Media plane: SRTP, RTP, and codecs¶

Once a call is accepted, the actual audio and video do not travel over the signaling WebSocket. They flow on a separate media plane: SRTP over UDP to WhatsApp voip/relay servers, using transport endpoints negotiated during signaling.

Confidence: this is the least-observed plane in wacrg today. That media is SRTP/UDP and end-to-end encrypted is probable; almost everything more specific (exact codecs, RTP header usage, the SRTP cipher suite, the key schedule) is speculative. We mark it accordingly and lead with open questions. Do not treat anything here as settled.

What we believe is true¶

Transport is UDP. Real-time media needs low latency and tolerates loss, so it uses UDP rather than the call's TCP/WebSocket control channel.
Media is encrypted with SRTP. Frames are RTP packets protected by SRTP (encryption + authentication). The SRTP keys are derived from the call/media key that signaling delivered via Signal <enc>. See encryption & keying. This keeps media end-to-end encrypted even though it transits WhatsApp relays.
Relays may carry the media. When a direct path is unavailable (NAT, firewalls), media is forwarded through WhatsApp relay servers chosen from the candidates offered during signaling. See ICE & relays. Relays forward ciphertext; they are not media-decryption points.

What we do not know yet¶

This section is deliberately long, because it records what remains unverified.

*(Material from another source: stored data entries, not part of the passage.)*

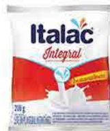
17360 LEITE EM PÓ ITALAC INTEGRAL INSTANTÂNEO SACHÊ | 10X200GR 7898080641687
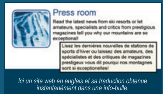
Ici un site web en anglais et sa traduction obtenue instantanément dans une info-bulle.
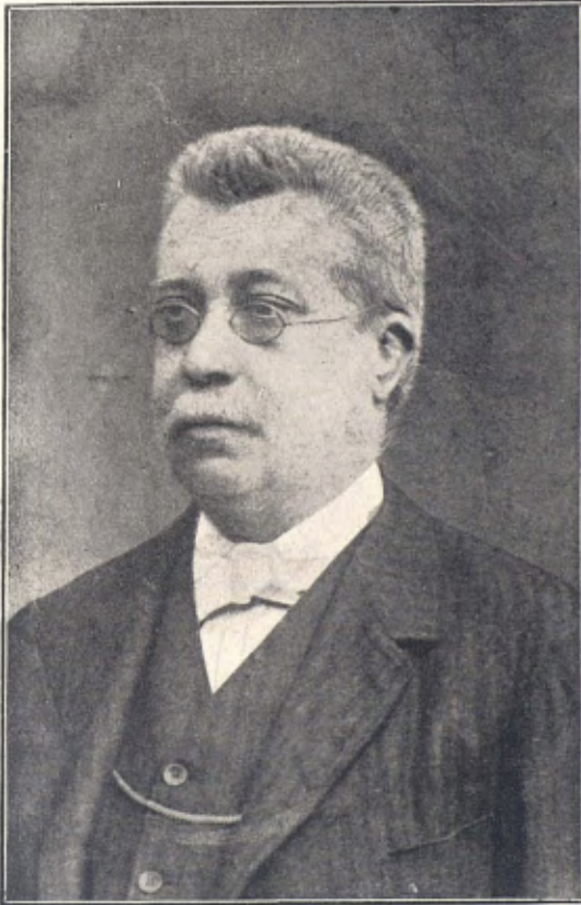
JOSEP FITER I INGLÈS
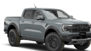
Command Grey FORD Performance
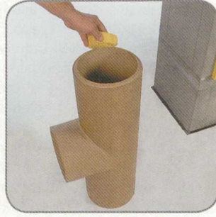
9.2 Megtisztítjuk a füstcső-csatlakozó csővégeit.
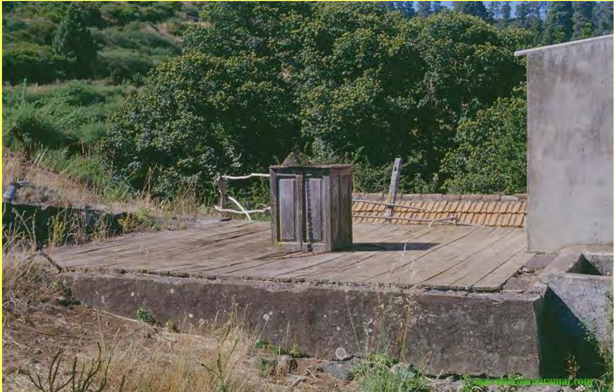
Una fotografía me invitó a la reflexión... Era un viejo aljibe o depósito para almacenar agua junto a una casa.

L eo en una revista de tirada semanal, de un conocido diario, que el agua será en un futuro cercano el “oro azul”, por contraposición a lo que ha sido el “oro negro”. Otros la llaman el petróleo del S.XXI. Y sin embargo, sin el oro azul, no se hubiera podido obtener el tan deseado oro negro.
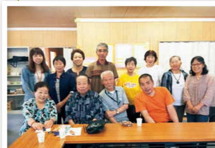
仮設住宅集会所での交流会にて
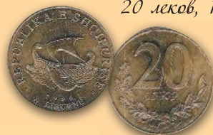
20 левов, 1996 г.
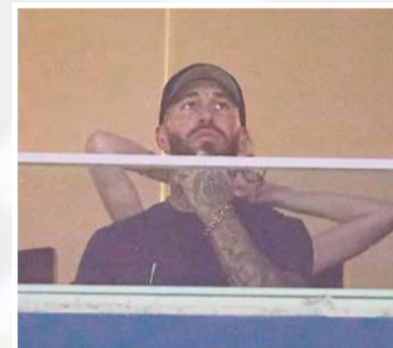
Ramos estuvo en un palco.

Conocen regios calendario de Leagues Cup / Página 2
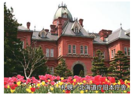
札幌／北海道庁旧本庁舎
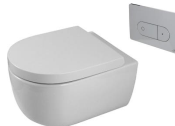
Acro Compact suspended toilet Inodoro suspendido Acro Compact
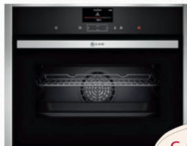
Compact- Dampfbackofen CFS1742NMC
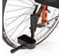
Uchwyt na kule
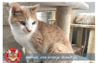
Samus, ons oranje duveltje.
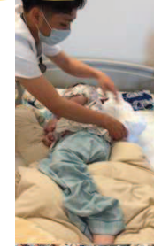
リハビリテーション

他職種と協働し、自分では体を動かすことが困難な児に毎日リハビリテーションを行っています
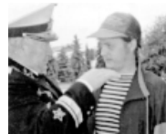
Моряку Сергею Рассохиному пригодился опыт контр- адмирала Л.М. Сальникова
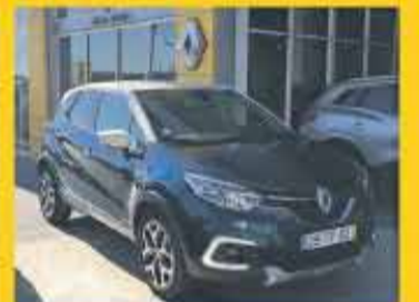
RENAULT Captur EXCLUSIVE 1.5 DCI 110 CV 2017 20.000€
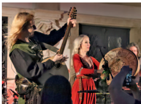
Skupina Deloraine – a finále Muzejní noci

skla a velké malované trojdílné vázy. Pokračovala konzervace pamětního listu k prvnímu svatému přijímání z Brodu nad Dyjí, započatá v předchozím roce. Proběhla konzervace mosazného svícnu, dvoudílné máselnice, dřevěné cedule informující o výsadbě pamětního stromu a olověné uliční cedule z Mikulova. Započata byla konzervace velkého kovářského měchu. Z podsbírký Filmy, pohlednice a fotografie byla konzervována jedna adjustovaná fotografie. Postup všech konzervačních prací byl řádně dokumentován písemně i fotograficky.
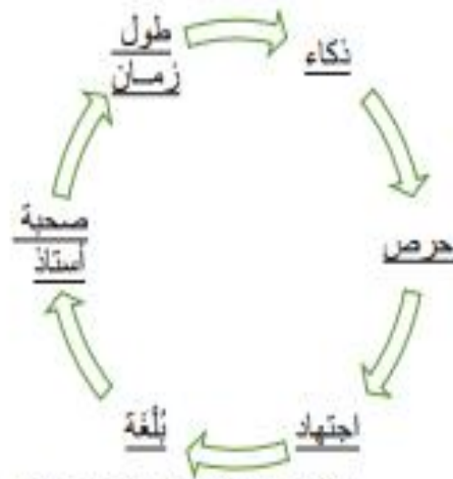
شكل 1: عناصر العقيدة في أركان عملية التعليم عند الشافعي

أعلم أن تعلم العلم الإسته ذكاء وحرص واجتهاد وبلغه سائلك عن توصيلها ببيان وصحة استناد وطول زمان
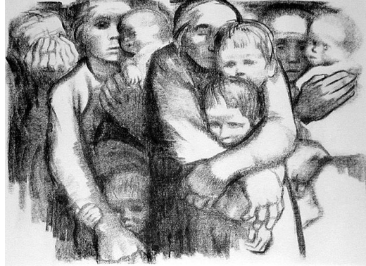
Görsel 9. Käthe Kollwitz, Anneler (1919) Litografi

Käthe Kollwitz, yapıtlarında annenin koruyuculuğunu vurgularken sanki fiziksel parçasıymışçasına deneyimlediği bir parça olarak duyduğu eksikliği yansıtır (Görsel 8, 9). Kollwitz için annelik geleneksel bakış açısının aksine kadını kamusal alandan ayıran sosyal bir görev ya da duygusal taraf değil, tersine kadını daha güçlü kılan bir deneyim ve duyarlılıktır.
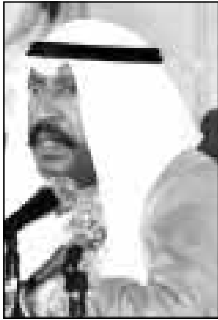
الشيخ سعد العبدالله الصباح

الكويت - القاهرة - لندن - خاص بـ «القدس العربي»:
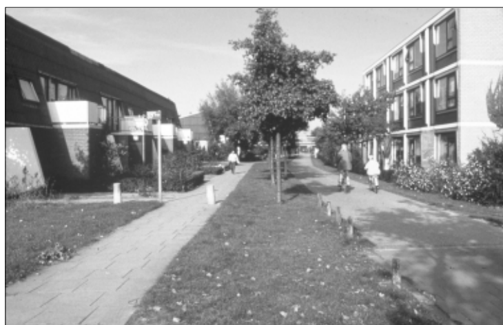
Rad-Fußweg Lelystad (NL): Komfort für Fußgänger und Radfahrer

Für etwas längere Wege, in die benachbarten Ortsteile, ist das Fahrrad am besten geeignet.
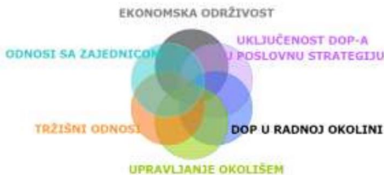
Slika 5. Dimenzije indeksa DOP-a
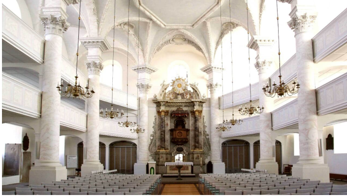
St. Trinitatiskirche von innen
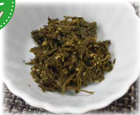
普段は廃棄してしまう部分などを活用したエコレシピです。
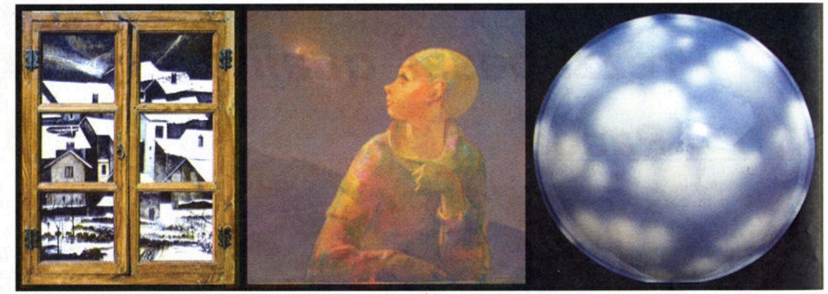
Sopra: a sinistra un ciondolo di Enzo Sciaivolino. Case e orti sotto la neve, di Tino Aime; Riverbero di Gabriel Girardi; Cielo catturato di Carena. A destra: particolare ceramica raku su plexyglass di Giuliana Cusino Angeli. Sotto: ancora Enzo Sciaivolino (Uccello su dito) e la Cavallina storna di Vinicio Perugia. Nella pagina a fronte: L'Isola, dipinto di Enzo Sciaivolino
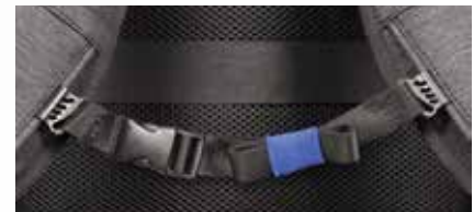
Adjustable pectoral belt Sangle pectorale ajustable
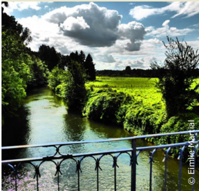
Une promenade agréable au bord de l'Oise
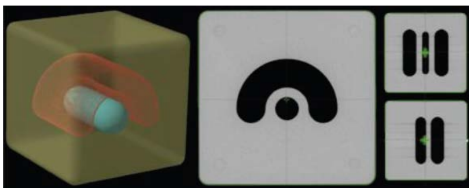
Figure 3 内部中央のリスク臓器とそれを囲むような馬蹄形のターゲット Axial 像(中央)、Coronal 像 (右上)、Sagittal 像 (右下)
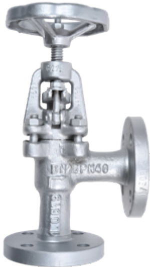
Fig. 124 / 221 PN40
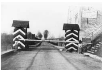
Montbarrey-sur-Loue (Jura) : poste de contrôle allemand de la ligne de démarcation

Face à la “défaite la plus écrasante de l'histoire de France”, les Français sont alors placés devant un “choix historique” : le maréchal Pétain après l'armistice du 17 juin 40 supprime la République et établit un nouveau régime autoritaire et policier, l'État français ou régime de Vichy, qui décide de collaborer avec l'occupant. Le 18 juin 40 la radio de Londres diffuse un appel à la résistance française lancé par le général De Gaulle.
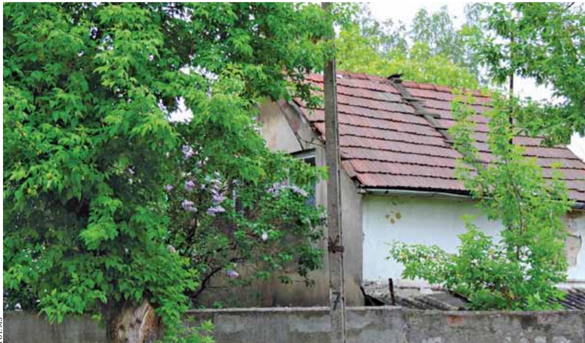
Widok ogrodów „Reytany” od ul. 17 Stycznia, stara stróżówka
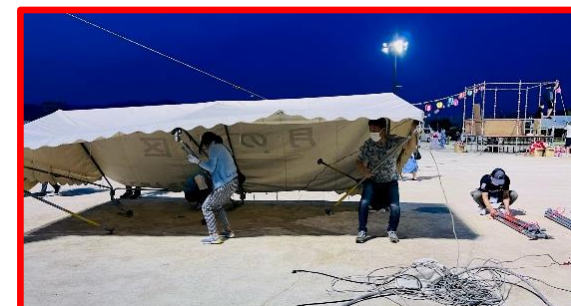
テントは片付けるのもたいへん
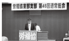
大竹支部長 あいさつ
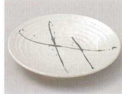
243-15-714 やすらぎ銘々皿 580円 13.2×1.8cm 25917711
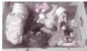
回収されたごみ(1回分)
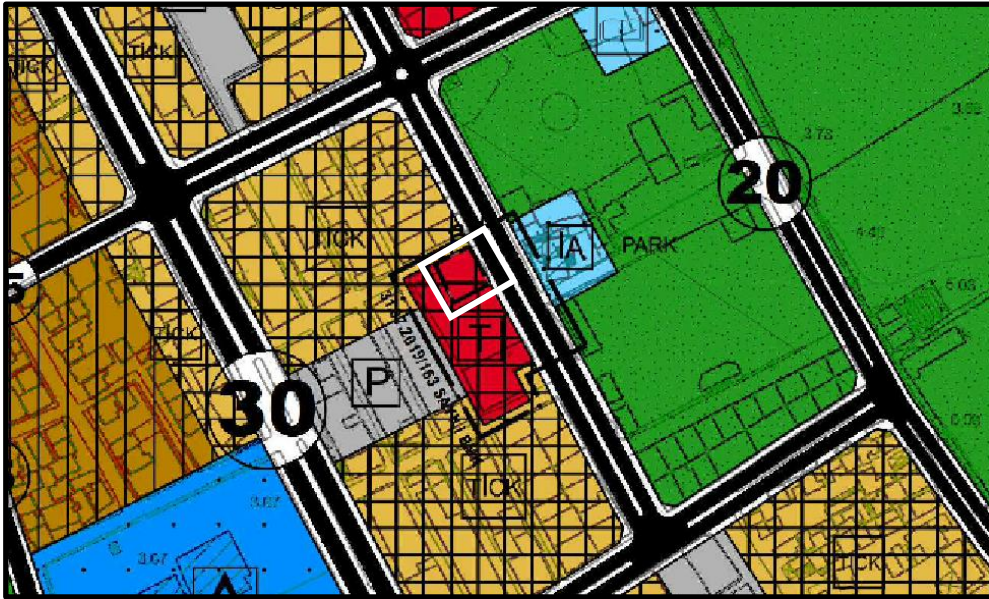
Şekil 7. 1/5000 Ölçekli Uygulama İmar Plan Değişikliği

Diğer yandan plan değişikliği ile kaldırılan "Resmi Kurum" alanı, 14 Haziran 2014 tarih ve 29030 sayılı Resmi Gazetede yayınlanarak yürürlüğe giren "Mekansal Planlar Yapım Yönetmeliği'nin EK-2 Asgari Sosyal ve Teknik Altyapı Alanlarına İlişkin Standartlar ve Asgari Alan Büyüklükleri Tablosunda" nüfusa göre ayrılması gereken donatı alanları kapsamında çıkarıldığı için, yerine yeni bir donatı alanı önerilmemiştir.
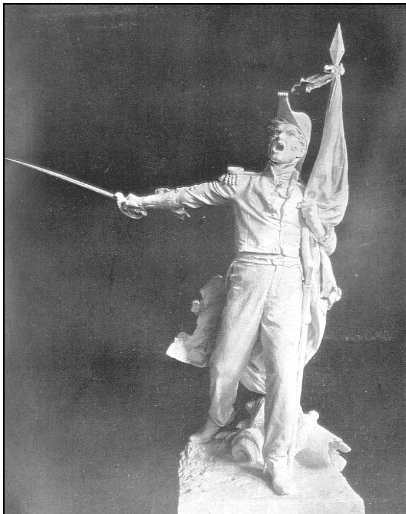
FIGURA 07 – “Capa da publicação Arte , da cidade portuguesa do Porto, abril de 1905” No detalhe a estátua de Bento Gonçalves, ainda sem a cobertura de bronze, ilustrando a atenção dada ao artista e a sua obra em Portugal.

que os farroupilhas tiveram de sustentar. (Carta de Teixeira Lopes à comissão, 01/08/1904 - Coleção de documentos, listas de subscrições e atas pertencentes à comissão promotora )
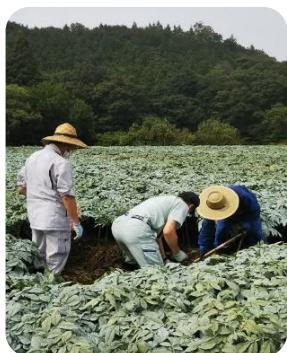
(こんにゃく芋の掘取り)

とちぎの特産物「こんにゃく」について、8月7日(金)に茂木町・鹿沼市の2圃場にて、今年度第1回目の作況調査を行いました。
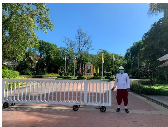
รูปที่ 2-33 เจ้าหน้าที่รักษาความปลอดภัย ตลอด 24 ชั่วโมง
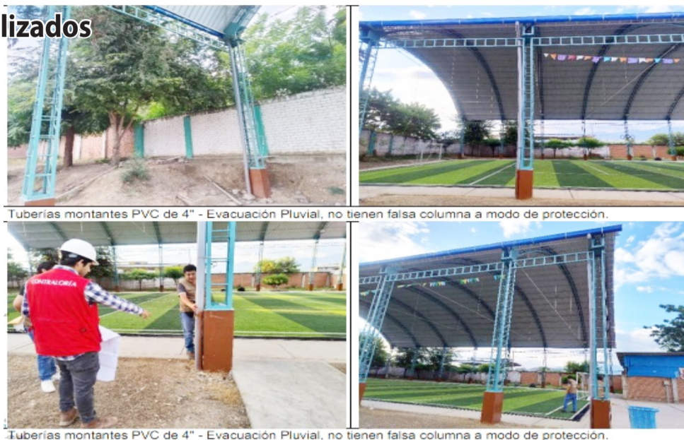
Tuberías montantes PVC de 4" - Evacuación Pluvial, no tienen falsa columna a modo de protección.

suras en el concreto de las veredas de circulación ubicadas al ingreso de la losa deportiva y al costado del módulo de aula existente". Existe fisuras y desnivel en las losas de concreto. Del mismo modo hay desprendimiento y acolchonado de las juntas asfálticas de losa de concreto y en las juntas asfálticas de la cuneta de drenaje pluvial". Otro de los problemas es que, las cunetas de drenaje pluvial, presentan salitre en sardinel interior de su estructura. La Contraloría reveló que existen trabajos contemplados en el expediente técnico de obra, pero no fueron ejecutados en su totalidad, situación que no fue advertido por el supervisor y la entidad durante la recepción de la

Codecs. Static wasm-analysis now identifies the audio codec at probable: the primary codec is MLow (an in-house CELP speech codec with an optional neural "companion"), with Opus present as an alternate, carried over an RED + Reed-Solomon FEC layer into a WebRTC-NetEq receive engine. See MLow and the audio media plane. What remains open: the MLow bitstream/bitrates, DTX usage, mid-call renegotiation, and the exact <audio enc rate> mapping. Video codec(s) and parameters are still open.
RTP details. Payload type numbers, SSRC assignment, header extensions, marker/sequence handling, and whether multiple media (audio+video) are multiplexed on one 5-tuple are all unknown.
SRTP profile. The specific SRTP cipher suite (e.g. AES-CM vs. AES-GCM), authentication tag length, and replay-window behavior are unconfirmed.
Key derivation. How the Signal-delivered media key becomes SRTP master keys/salts, including the KDF, labels, and whether keys are per-direction or rekeyed mid-call, is the largest open question and is treated as speculative throughout (see keying).
Congestion control / quality adaptation. Bandwidth estimation, packet-loss concealment, and jitter-buffer behavior are out of scope until we can observe them.
Group vs. 1:1. wacrg is scoped to 1:1 calls; group-call media topology (SFU-style mixing) is explicitly out of scope for 0.1.0.

Why media is hard to capture¶

The techniques that reveal signaling cheaply (WebSocket capture, Baileys instrumentation) do not see the media plane, because media never crosses the control socket. Reaching media facts requires observing UDP/SRTP directly or hooking the media engine, for example Frida hooking of the native voip library, or memory inspection to recover derived SRTP keys. Those techniques are harder and lower-yield, which is exactly why this plane is under-documented. See methodology and the techniques table.

Open questions (tracked)¶

The above is summarized as open_questions on the relevant stanza and technique entries. Priorities for moving any of this from speculative toward probable:

Confirm the audio codec and its <audio enc rate> mapping. (Codec identified at probable by static MLow analysis; promoting to confirmed needs a second technique, e.g. a Frida hook or a live media capture of the same frames.)
Determine the SRTP cipher suite and key-derivation steps.
Establish whether/how media keys rotate during a long call.

If you can observe the media plane safely and with fully synthetic test accounts, see the capture pipeline and the legal and ethics rules first.